True central governance with cross-account sharing to specific IAM principals in the target account
Ease of use in not having to maintain an AWS Glue resource policy for LF-TBAC
Efficient reuse of AWS RAM shares
Ease of use in scaling to hundreds of accounts with LF-TBAC

In this post, we illustrate the new features of cross-account sharing Version 3 in a producer-consumer scenario using TPC datasets. We walk through the setup of using LF-TBAC to share data catalog resources from the data producer account to direct IAM users in the consumer account. We also go through the steps in the receiving account to accept the shares and query the data.

Solution overview

To demonstrate the Lake Formation cross-account Version 3 features, we use the TPC datasets available at s3://aws-data-analytics-workshops/shared_datasets/tpcparquet/. The solution consists of steps in both accounts.

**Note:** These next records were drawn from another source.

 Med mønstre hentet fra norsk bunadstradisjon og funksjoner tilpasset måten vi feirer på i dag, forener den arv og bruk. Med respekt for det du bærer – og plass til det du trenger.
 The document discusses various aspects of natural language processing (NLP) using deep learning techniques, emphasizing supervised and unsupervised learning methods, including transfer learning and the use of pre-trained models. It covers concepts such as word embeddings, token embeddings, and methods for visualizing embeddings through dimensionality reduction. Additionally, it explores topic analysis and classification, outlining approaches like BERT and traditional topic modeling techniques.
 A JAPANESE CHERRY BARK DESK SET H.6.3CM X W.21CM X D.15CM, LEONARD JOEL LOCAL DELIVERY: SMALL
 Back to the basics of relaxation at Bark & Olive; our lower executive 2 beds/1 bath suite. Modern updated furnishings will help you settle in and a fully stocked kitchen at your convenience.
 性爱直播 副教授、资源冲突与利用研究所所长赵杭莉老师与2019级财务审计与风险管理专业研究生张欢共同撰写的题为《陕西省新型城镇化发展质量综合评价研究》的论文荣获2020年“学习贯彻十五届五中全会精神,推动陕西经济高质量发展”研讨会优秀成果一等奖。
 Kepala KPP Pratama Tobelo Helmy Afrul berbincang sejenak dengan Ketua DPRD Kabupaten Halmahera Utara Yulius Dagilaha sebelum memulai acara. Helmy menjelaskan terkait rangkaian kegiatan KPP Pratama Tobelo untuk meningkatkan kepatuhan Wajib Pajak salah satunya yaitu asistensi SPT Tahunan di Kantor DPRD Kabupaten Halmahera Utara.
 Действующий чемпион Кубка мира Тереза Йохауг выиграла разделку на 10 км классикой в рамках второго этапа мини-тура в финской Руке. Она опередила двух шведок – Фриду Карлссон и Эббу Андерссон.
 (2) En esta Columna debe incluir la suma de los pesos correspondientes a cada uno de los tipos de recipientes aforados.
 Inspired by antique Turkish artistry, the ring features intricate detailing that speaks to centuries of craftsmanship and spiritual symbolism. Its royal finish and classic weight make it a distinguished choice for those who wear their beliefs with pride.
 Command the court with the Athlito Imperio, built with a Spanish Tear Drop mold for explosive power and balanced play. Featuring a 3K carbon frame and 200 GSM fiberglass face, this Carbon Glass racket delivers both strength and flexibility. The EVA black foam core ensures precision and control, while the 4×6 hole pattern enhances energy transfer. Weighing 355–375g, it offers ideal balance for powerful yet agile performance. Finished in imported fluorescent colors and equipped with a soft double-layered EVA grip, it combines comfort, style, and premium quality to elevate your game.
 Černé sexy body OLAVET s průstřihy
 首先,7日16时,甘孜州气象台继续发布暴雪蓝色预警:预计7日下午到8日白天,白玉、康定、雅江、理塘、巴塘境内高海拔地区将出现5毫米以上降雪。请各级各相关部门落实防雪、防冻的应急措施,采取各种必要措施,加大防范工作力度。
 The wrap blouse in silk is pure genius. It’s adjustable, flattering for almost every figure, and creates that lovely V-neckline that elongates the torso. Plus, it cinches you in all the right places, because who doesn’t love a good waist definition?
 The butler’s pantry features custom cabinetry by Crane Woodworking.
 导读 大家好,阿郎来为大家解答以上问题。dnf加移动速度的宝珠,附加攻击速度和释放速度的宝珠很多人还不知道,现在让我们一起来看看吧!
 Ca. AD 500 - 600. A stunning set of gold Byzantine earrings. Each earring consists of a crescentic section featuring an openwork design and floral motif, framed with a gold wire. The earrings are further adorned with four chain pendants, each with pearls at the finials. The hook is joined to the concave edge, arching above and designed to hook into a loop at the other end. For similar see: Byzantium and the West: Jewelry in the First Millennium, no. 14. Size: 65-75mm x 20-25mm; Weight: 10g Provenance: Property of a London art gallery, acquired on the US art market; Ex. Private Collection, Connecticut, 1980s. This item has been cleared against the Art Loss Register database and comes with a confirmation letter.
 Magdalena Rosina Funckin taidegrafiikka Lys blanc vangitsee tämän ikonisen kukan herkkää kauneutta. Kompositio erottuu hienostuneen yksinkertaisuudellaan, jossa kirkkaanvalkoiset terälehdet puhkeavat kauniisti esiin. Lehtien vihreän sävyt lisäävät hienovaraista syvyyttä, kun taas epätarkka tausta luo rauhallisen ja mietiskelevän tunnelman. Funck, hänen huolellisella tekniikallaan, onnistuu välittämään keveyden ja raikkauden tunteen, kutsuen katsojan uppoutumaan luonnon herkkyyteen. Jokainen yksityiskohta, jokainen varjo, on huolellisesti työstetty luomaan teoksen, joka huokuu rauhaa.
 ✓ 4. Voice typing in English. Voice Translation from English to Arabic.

In account A, complete the following steps:

As a data producer, register the dataset with Lake Formation and create AWS Glue Data Catalog tables.
Create LF-tags and associate them with the database and tables.
Grant LF-tag based permissions on resources directly to personas in consumer account B.

The following steps take place in account B:

The consumer account data lake admin reviews and accepts the AWS RAM invitations.
The data lake admin gives CREATE DATABASE access to the IAM user lf_business_analysts.
The data lake admin creates a database for the marketing team and grants CREATE TABLE access to lf_campaign_manager.
The IAM users create resource links on the shared database and tables and query them in Amazon Athena.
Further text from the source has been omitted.